Finished The Death of the Heart by Elizabeth Bowen. Published in 1938, today it appears on lists of the best 100 books of modern fiction from Time Magazine and The Modern Library. I chose to listen to an audiobook recording of the novel and I'm glad I did. Some years ago I read Bowen's The House in Paris and found it heavy going. Now I know why. Bowen writes with the kind of attention to miniscule detail that Robert Post's Child would call Laurencian. Knowing my own impatience, I decided it would be wiser to listen to someone else plod through the pages. For much of the novel I wondered just why it appeared on these revered lists. It was not until the last third of the book that this became apparent.
Portia is an awkward 16 year old who having recently lost her mother is now an orphan. She goes to live with her half brother Thomas and his wife Anna in London. Portia and Thomas have the same father. Up until this time, Portia and a her mother had lived a nomadic life, moving from one cut rate European hotel to another. She had no real home and no lasting relationships. She is innocent of the dangers of having faith in other people.
All the adults in the novel seems to lack the capacity for outward emotion. Thomas is vaguely aware of Portia's presence in the house. Anna is plainly put out by it. Portia is not so innocent that she does not perceive this. She records her observations of life in the house in her diary. Anna finds the diary and of course reads it. She then discusses it with her friend St. Quentin. Anna doesn't seem to have any female friends. Her other friend, Eddie, who has been openly flirting with Anna for years, seems to take notice of Portia for the first time when she hands him his hat in the hallway one day. Charmed by her gesture and sensing an easier quarry, he writes Portia a note thanking her for her thoughtfulness and calling her a darling. This of course sets Portia on the road to unhappy romance with Eddie, and Eddie being the despicable cad that he is, let's it happen for the sake of amusement.
The crisis of the novel comes when Portia learns that Anna has read her diary. She goes to Eddie for solace, but he pushes her away, now afraid of her ernest affection for him. He implies that Anna is his lover and that he and she discuss Portia often. This mammoth betrayal is too much for Portia. She then runs away to Major Brutt, a sad, dull, penurious hanger-on of Anna's, who himself lives in cut rate hotels. He has been kind to Portia and sent her puzzles to do. She confides in Major Brutt that they two are the same, unwanted and laughed at by Anna. She begs him to marry her. She is sadly trying to recreate the secure existence she had with her mother, but with a father figure instead.

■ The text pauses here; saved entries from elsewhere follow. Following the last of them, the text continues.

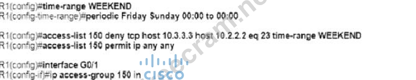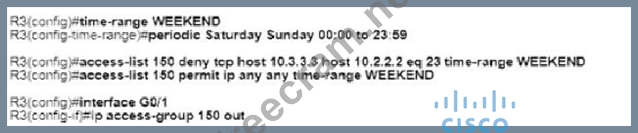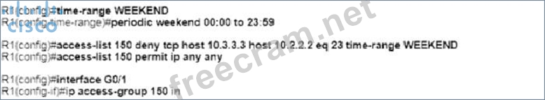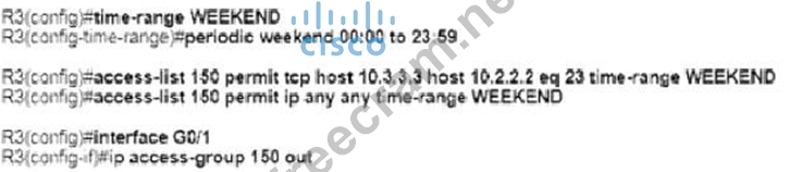 An engineer must deny Telnet traffic from the loopback interface of router R3 to the loopback interface of router R2 during the weekend hours. All other traffic between the loopback interfaces of routers R3 and R2 must be allowed at all times. Which command accomplish this task?
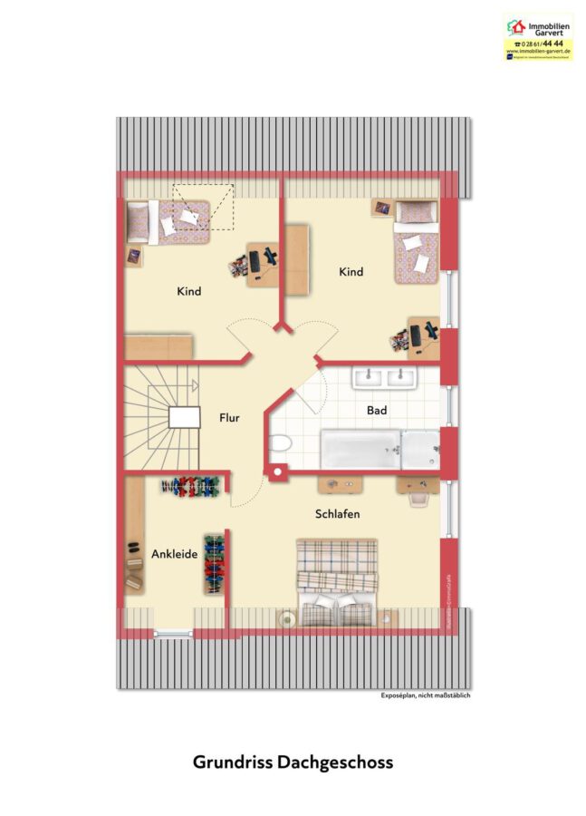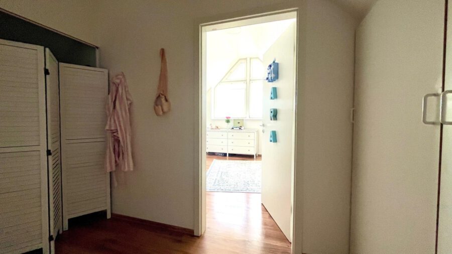 Das Dachgeschoss beherbergt drei geräumige Schlafzimmer sowie ein komfortables Vollbad und bietet ausreichend Platz für die ganze Familie. Die warmen Holzdielen verleihen den Räumen eine behagliche Atmosphäre. Der wohnlich ausgebaute Spitzboden beherbergt neben einem großen Raum, zwei kleine Abstellräume, sowie die Gastherme. Die Vollholztreppe verbindet die Etagen auf elegante Weise.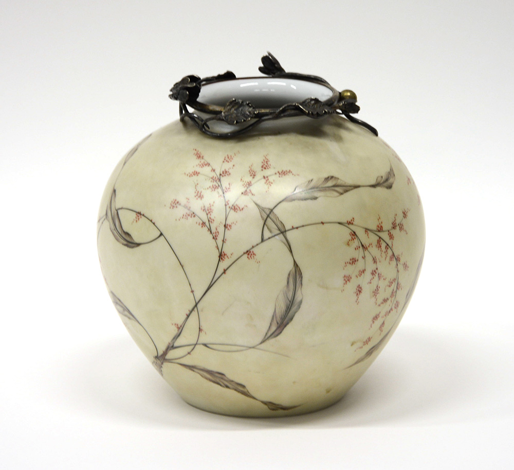 Vaso in porcellana a superficie satinata opaca e leggermente iridata con decori vegetali Art Nouveau, montatura all'orlo in argento. Germania, inizio secolo XX. Marcato con simbolo grafico della manifattura e siglato in rosso con il monogramma "FS" sormontato da corona. (h cm 20)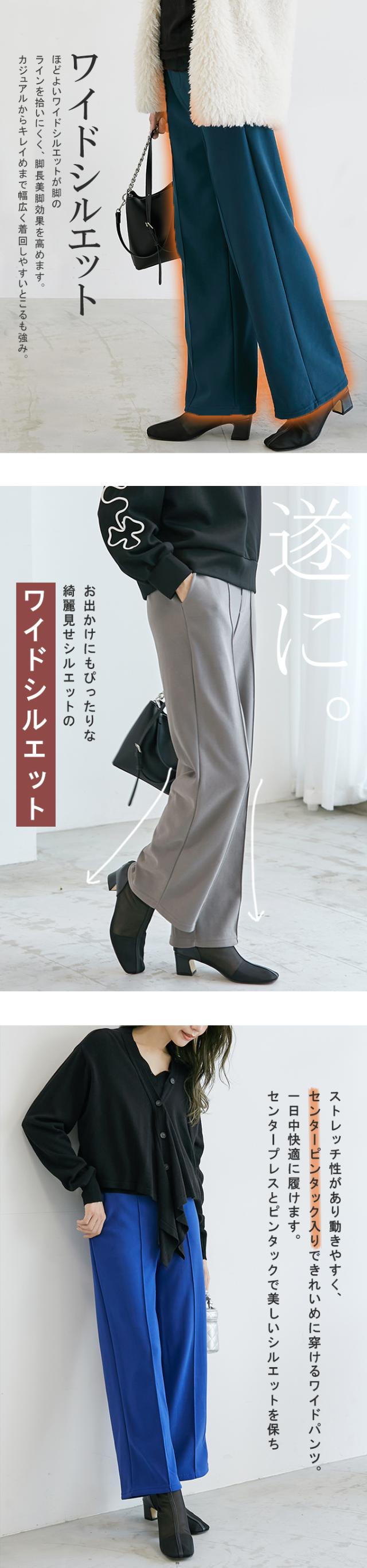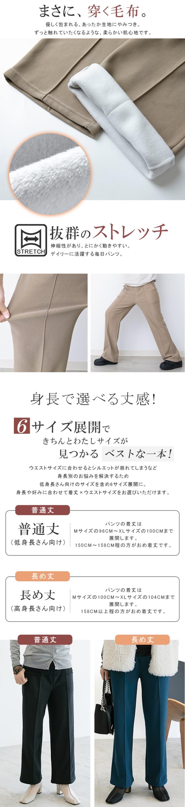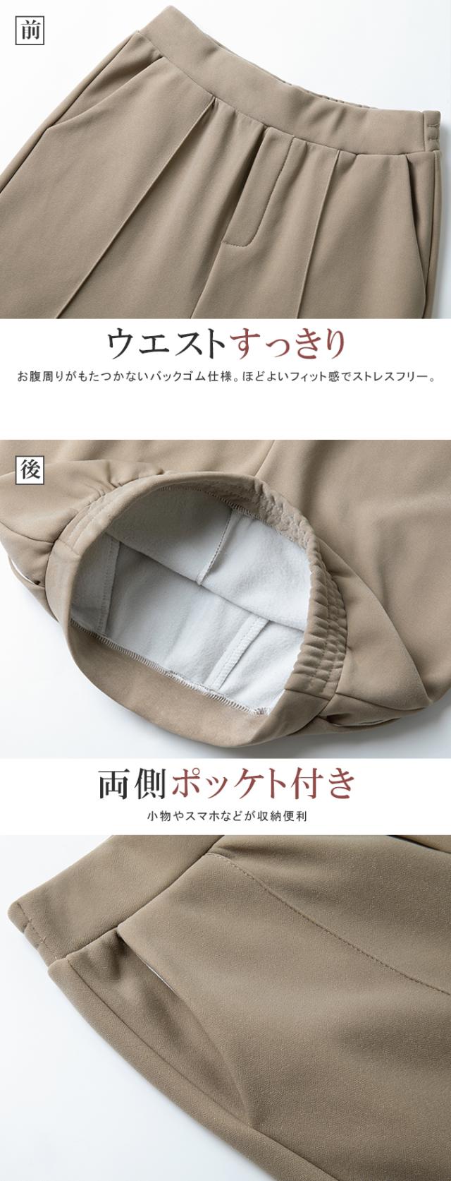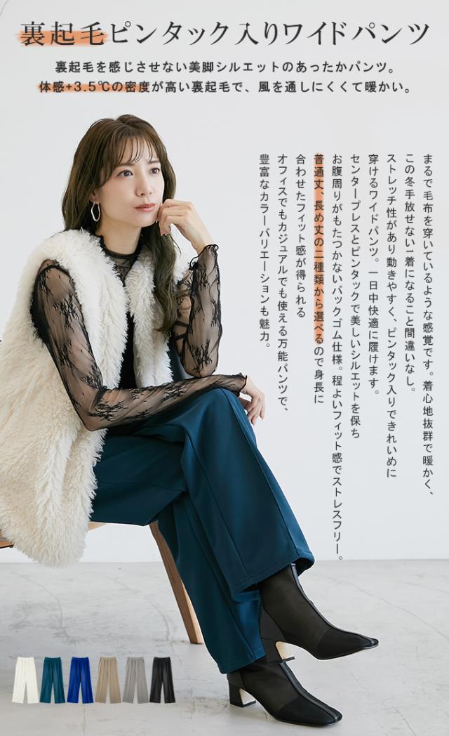 裏起毛 ピンタック入りワイドパンツ 裏起毛を感じさせない美脚シルエットのあったかワイドパンツ。 体感+3.5℃の密度が高い裏起毛で、風を通しにくくて暖かい。 まるで毛布を穿いているような感覚です。 着心地抜群で暖かく、この冬手放せない1着になること間違いなし。 ストレッチ性があり動きやすく、ピンタック入りできれいめに穿けるワイドパンツ。 一日中快適に履けます。 センタープレスとピンタックで美しいシルエットを保ち お腹周りがもたつかないバックゴム仕様。程よいフィット感でストレスフリー。 普通丈、長め丈の2種類から選べるので身長に合わせたフィット感が得られる オフィスでもカジュアルでも使える万能パンツで、豊富なカラーバリエーションも魅力。 ※モニター環境により多少色合いが異なりますので、予めご了承くださいませ。 コンパクトな配送の為、こちらの商品は圧縮してお届けしております。 商品の素材によって開封後はちょっとシワの状態になる場合もあります、 一度洗濯すると本来の状態に戻りますのでご安心くださいませ。 |

Major Brutt refuses. He insists on calling Thomas and Anna to let them know where Portia is. Portia agrees to this, but says she will base her decision on whether or not to return to Thomas and Anna's house on how the two respond to the situation.
Meanwhile Thomas and Anna are vaguely aware that Portia has not turned up for tea. Thomas finally has some brotherly concern for her which Anna dismisses. Thomas, Anna and St. Quentin sit down to dinner without her and Thomas questions Anna whether anything in particular has happened between her and Portia. The truth comes out that Anna has read Portia's diary and that St. Quentin has told Portia. Thomas is disturbed by all this and questions further. Anna complains that Portia was writing about them, but the truth is that what Anna read in the diary reminded her far too much of her own awkward girlhood. It is the cause of Anna's contempt for Portia. When the phone rings, the three supposed adults all hesitate and look at each other, unsure of who should answer it. Finally Anna takes the call from Major Brutt. She returns and explains the situation and the three analyze what's to be done.
In the end they decide to send the housekeeper, Matchett, as an envoy to fetch Portia from Major Brutt's hotel. Matchett was Thomas' mother's housekeeper. He inherited her along with his mother's furniture which Matchett polishes within an inch of it's life. She is Portia's only link to the past. She has told Portia stories about her father in the days when he was still married to Thomas' mother. Matchett seems the obvious olive branch to extend, but sending her is another example of them shirking their responsibility towards Portia and their fear of getting emotionally involved. Portia is all emotion, especially at this point in the novel. She is too righteous for them to face.
Bowen ends the novel with Matchett looking through the beveled glass door of the hotel, waiting for someone to open it. We are left to fathom the outcome of Portia's death of the heart on our own.